How did I become an Iditarod fan? I’m one of those people who doesn’t read the newspaper of my own city but likes to read papers of places I'm interested in. So I regularly check in with the Anchorage Daily News online. Just two days before last year’s Iditarod I read an interesting article about the 2007 winner, Lance Mackey. I found a video clip of an interview with this ordinary guy who sounds part humble, part cocky. It showed his first place trophy sitting on top of his refrigerator in his humble cabin. I saw the way he loved his dogs. The whole sport just grabbed me. I like sports. I like dogs. I like Alaska. Boom! Iditarod fan.
I was fascinated by the movie-material story of how his dad, Dick Mackey, helped organize the first race back in the 70’s and then dramatically won it the 6th time he raced. He was wearing bib number 13. Then years later Dick’s son, Rick, was running his 6th Iditarod, drew bib #13 and he won it. Can't top that, can you? Well, in 2007, it was the 6th time son Lance was running the Iditarod. It was the first and only time the Iditarod committee allowed mushers to pick their bib numbers, so of course Lance picked bib number 13. He won! AND he did it on the heels of running another 1000 mile race just 3 weeks before! AND he used many of the same dogs. His training and racing knowledge are changing the sport. No one had ever before considered running both 1000 mile races back to back with any serious competitiveness. Evidence now suggests that instead of the dogs being spent and needing a longer time to recover, they actually show greater strength, endurance, energy and enthusiasm the more miles run. Oh, by the way, Lance Mackey not only ran both races within weeks of each other, he won them both. Two years in a row. It literally stunned the mushing world. Oh...and Lance is a cancer survivor. Didn't I tell you it’s movie material?
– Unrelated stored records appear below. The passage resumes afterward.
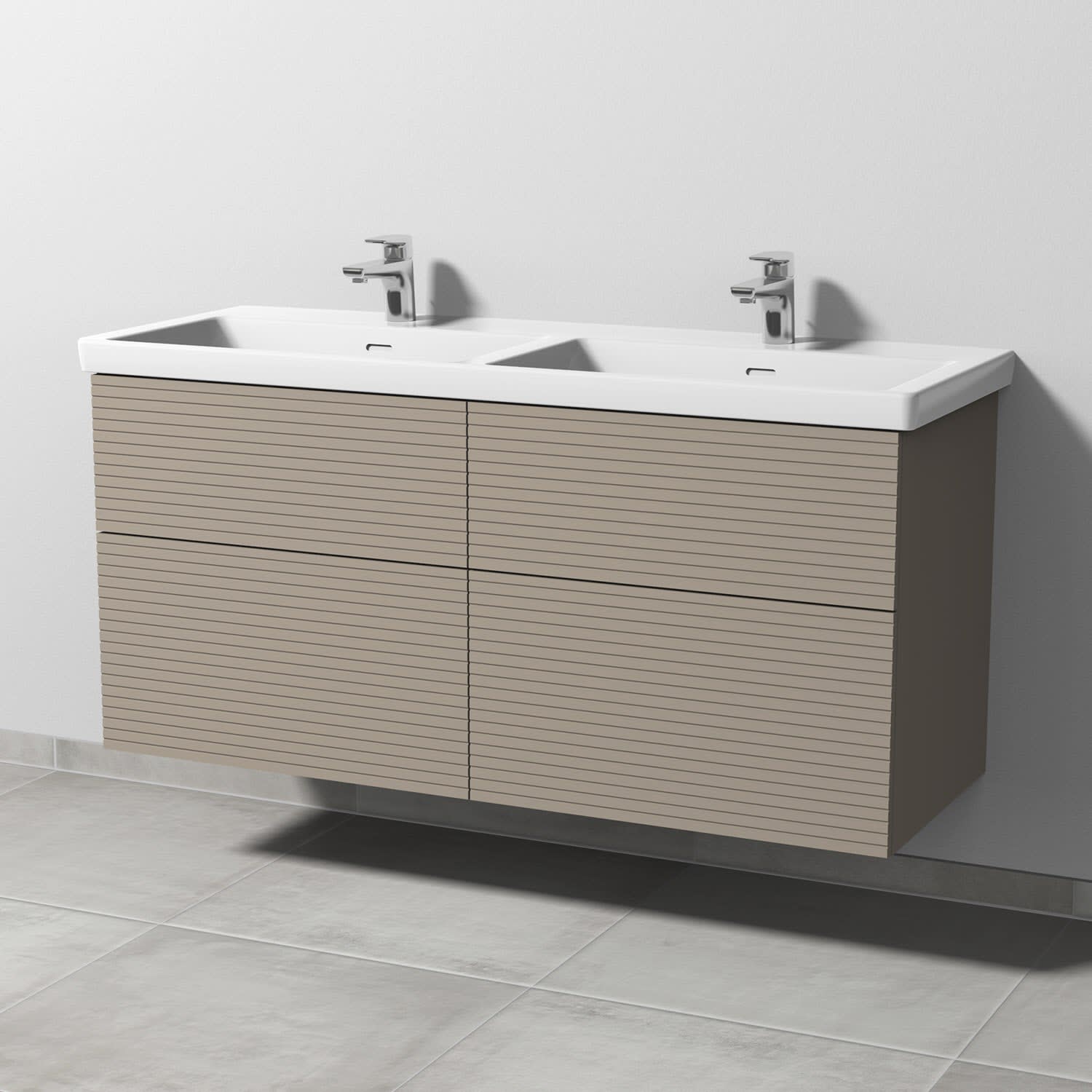 Sanipa 3way-Struktur Unterschrank 130 cm, 4 Auszüge mit Villeroy & Boch Subway 3.0 Doppel-Waschtisch
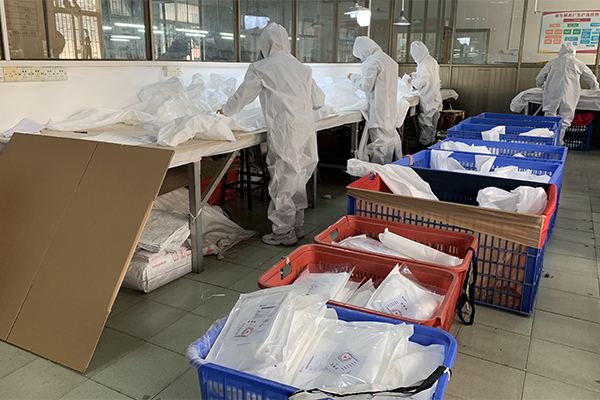 思諾華家人在春節期間每日都不忘關注新聞,看著那些白衣天使在抗“疫”戰爭中艱苦奮戰,相信每一位的心里都充滿了感動澎湃的心情;“生命重于泰山,疫情就是命令”,思諾華人不負使命,春節過后思諾華總經理(滿足復工的條件后)毅然決然的帶領全公司新建防護服生產線,為疫情防控做出一點貢獻!
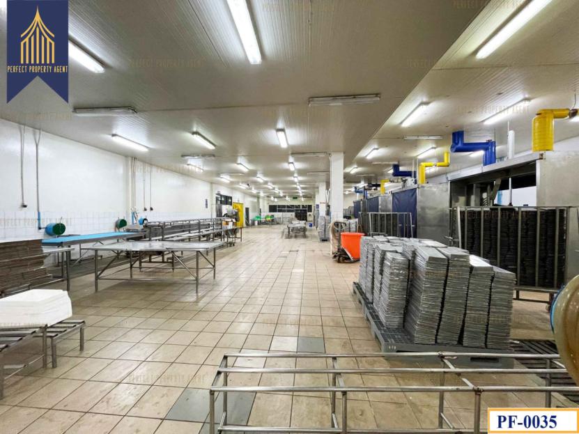 | ห้องเย็น 4 ห้อง (ขนาด 17x17เมตร/ห้อง) รับน้ำหนักได้ห้องละ 300 ตัน โกดัง ขนาดพื้นที่ 44x168 = 7,500 ตารางเมตร โรงอาหาร ขนาดพื้นที่ 43x45 = 2,000 ตารางเมตร โรงผลิต ไฟ3เฟส หม้อแปลง 2,000kpa ห้อง LAB ทดลอง ที่เก็บน้ำ แยกเป็นสัดส่วน บ่อบำบัดน้ำเสีย อย |
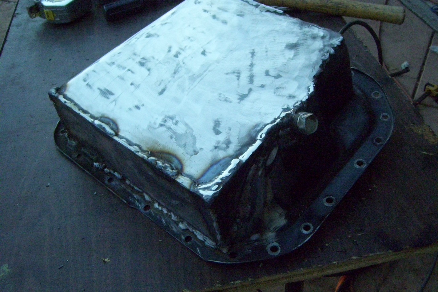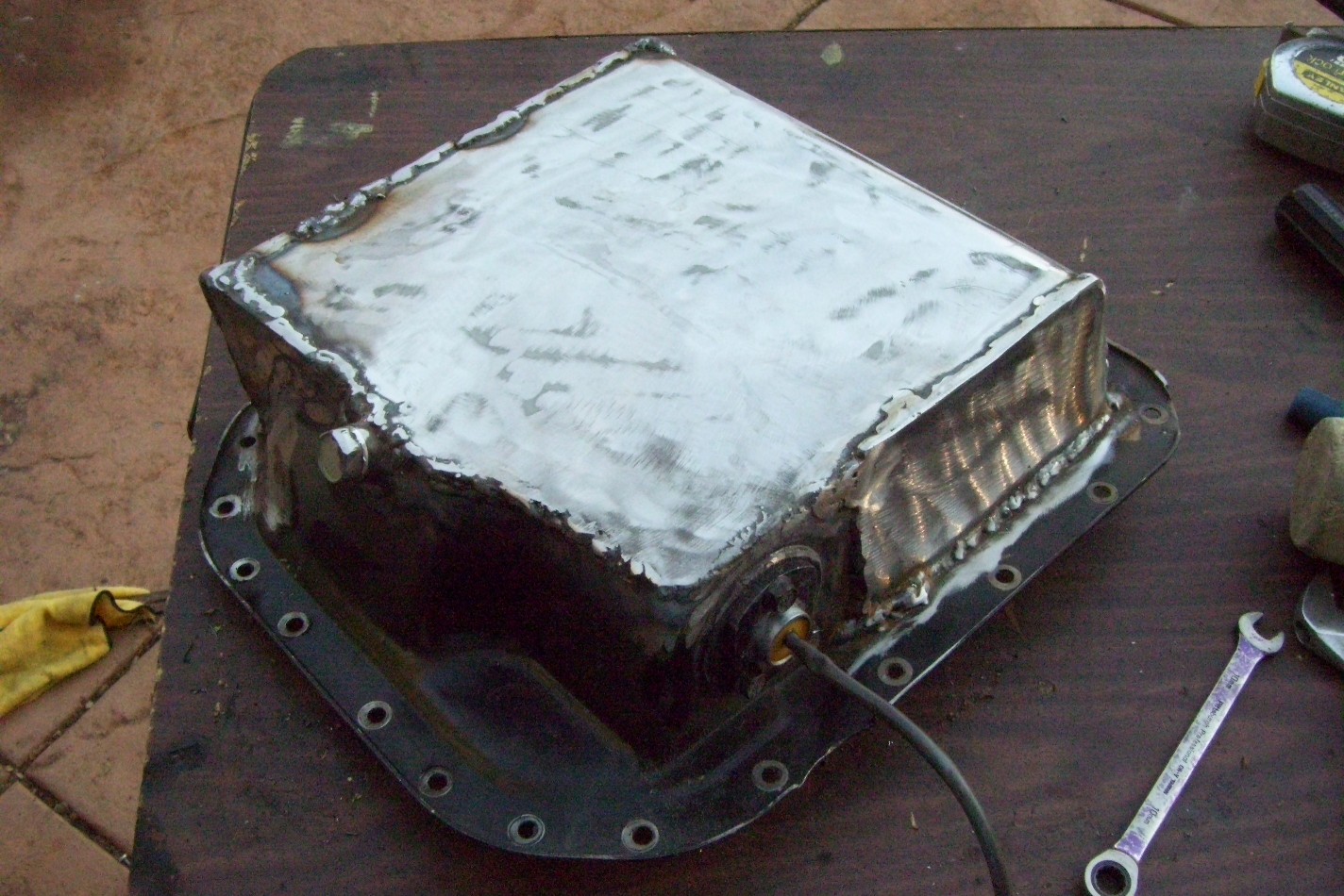 I took some advice from McMark when fixing the pan. I shortened it by 1/4-3/8 inch and built kick outs to hold extra oil. Not my best welds but I had to keep fixing leaks. I built it with 14ga steel I had. The extra sump is semi isolated with baffle trap doors (hinges). They open to the center, to the pickup tube. I think I almost doubled the capacity. Here is my side yard. It is 20 feet wide by 60 feet long. I knew I should have installed concrete there (IMG:style_emoticons/default/dry.gif) |
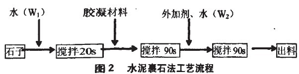 透水性混凝土拌和物中水泥漿稠度較大,且數(shù)量較少,為了保證水泥漿能夠均勻的包裹在集料上,宜采用強(qiáng)制式攪拌機(jī),攪拌時(shí)間為2min~4min。其投料次序采用水泥裹石法,其工藝流程如圖2所示。采用這種方法,預(yù)拌水量(w.)為總用水量的8%~10%。這項(xiàng)技術(shù)要注意控制W.,W,太少石子預(yù)濕不完全,下一步加水泥拌和時(shí),形成不了包裹石子表面的水泥漿殼,W.太多則形成的漿殼很稀,易被第二次加水?dāng)嚢钑r(shí)沖刷破壞,所以要控制好W,和兩次攪拌時(shí)間。
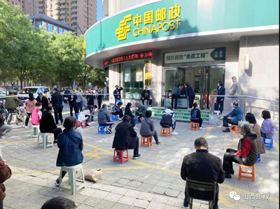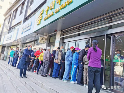▲运城市盐湖区邮政分公司大厦支局销售现场,客户间隔1米排队,等候购买。

I always knew the Iditarod existed but never thought much of it, even with my interest in Alaska. Finding out more about it just two days before the 2007 race was the perfect breeding ground for fanship. Two days later I was all over the internet and the Iditarod site "watching" the race. It's really interesting. The challenges these men and women face are real and big. They never know how the weather will factor into things but it always does. Last year's race was during a "heat wave". Temps "soared" up to the 40's making the trails and dogs slower. The dogs prefer temps below zero. The year before, weather affected the race with nasty storms producing white out conditions.
Well, I could go on and on.... but I'll spare you. ( I guess I kinda already did go on and on.)